Сначала военнопленных пытались отправить на военные заводы. Женщины отказались.
Сопротивление возглавила военврач Евгения Клем, которая хорошо знала немецкий
язык. Удалось настоять на своем. И снова глухие товарные вагоны, неведомый путь.
Ночная станция Фюрстенберг. Моросящий дождь пополам со снегом. Эсэсовки в черной
форме, грубые окрики, лай собак. Со скрипом расходятся створки громадных ворот
- это концлагерь Равенсбрюк.
Чтобы знали, куда попали отказчицы, их, раздетых, уложили на усыпанный февральским
снежком аппельплац. Потом баня. Стрижка наголо. Грязная полосатая одежда и винкель
- цветной треугольник - с номером.
- У вас нет ни имени, ни фамилии. Только номер! - прокричала лагерфюрерин. Этот
номер Маша Родькина помнит до сих пор: "19396".
... Картинки Равенсбрюка не стираются, не тускнеют в памяти. Дети, привезенные
из Освенцима, и среди них трехлетний мальчик Миша... Работа на ткацкой фабрике,
наказания за каждую ошибку... У Маши однажды "сбежал" челнок... "Девочки замерли
- сейчас меня забьют... Мастер-румын подошел, а меня из-за станка еле видно.
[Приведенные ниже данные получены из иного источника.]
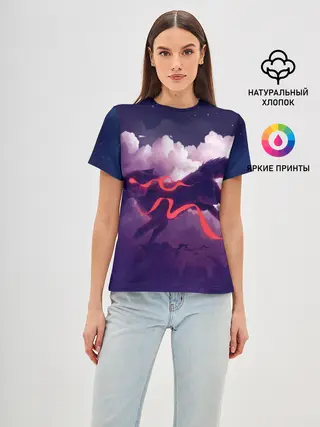 Женская базовая футболка / Лиса бежит по облакам

Он только глянул и ушел... Наши раненые девочки работать не могли, их взяли
на "черный транспорт". Это значит: в газкамеру. Евгения Лазаревна Клем сказала:
"Объявим голодовку, пусть наших вернут!" День, другой, третий... Только воду
пьем. Чешки-заключенные несут нам продукты, мы отказываемся... Вы знаете, девочек
вернули!
Мы все время настаивали, что с нами не имеют права поступать так, мы - военнопленные,
есть соответствующая конвенция..."
А потом пришло освобождение.
Из фильтрационного дела Родькиной Марии Михайловны (протокол допроса
от 2 января 1946 года):
"Я помню день освобождения. Но... это не радость была для меня. Здесь я увидела
ужасное отношение к освобожденным девушкам. Помощи нам никакой не сделали. И
сказать по совести, я лучше бы согласилась оставаться там, в лагере, чем сейчас
носить пятно пленника... Я предполагала, что тысячи упреков могут быть брошены
по моему адресу. Так и случилось. Человек в гимнастерке, увешанной медалями,
стучал себя в грудь кулаком и повторял: "Я - ваш освободитель!" Как нас унижали
в офицерской столовой части, разместившейся в бывшем концлагере! Как пренебрежительно
к нам относились! Как будто все они - герои, а мы - изменники Родины. Да, мы
- не герои. Мы - жертвы войны. И если бы за нас тогда не вступился комиссар
Рубежанский, не знаю, смогла бы я все это вынести".
После был родной Ишим.
Из рассказа Марии Михайловны Бердюгиной (г. Ишим, 18 мая 2006 г.):
-Я вернулась и стала искать работу. Мне подсказали: иди в горком комсомола,
они тебя посылали на фронт. Пришла. Там был некий Кириенко, который, я думаю,
ни разу не слышал, как летят самолеты, как воют сброшенные бомбы. Он сказал
мне: "Я за тебя партбилет ложить не буду!" Я сначала не поняла. Так он объяснил:
"Зачем ты вернулась? Зачем попала в плен? У тебя в сумке были бинты, а вокруг
стояли березы". Значит, я должна была покончить с собой? А то, что у меня вокруг
двадцать раненых и все кричат: "сестричка!" и просят помочь? Вот так меня встретили
из плена... И была еще одна, личная причина для переживаний. Сверстник Костя
Ражев, еще довоенная симпатия, пришел домой героем. Настоящим, с Золотой Звездой
на гимнастерке.
Из фильтрационного дела Родькиной Марии Михайловны:
"У меня еще был яркий - из случаев случай. Это было здесь, в Ишиме. Я встретилась
со старым другом, у меня пробудилась к нему прежняя любовь, прежнее желание
видеть его, встречаться с ним. Но как пушинка против ветра я была отброшена.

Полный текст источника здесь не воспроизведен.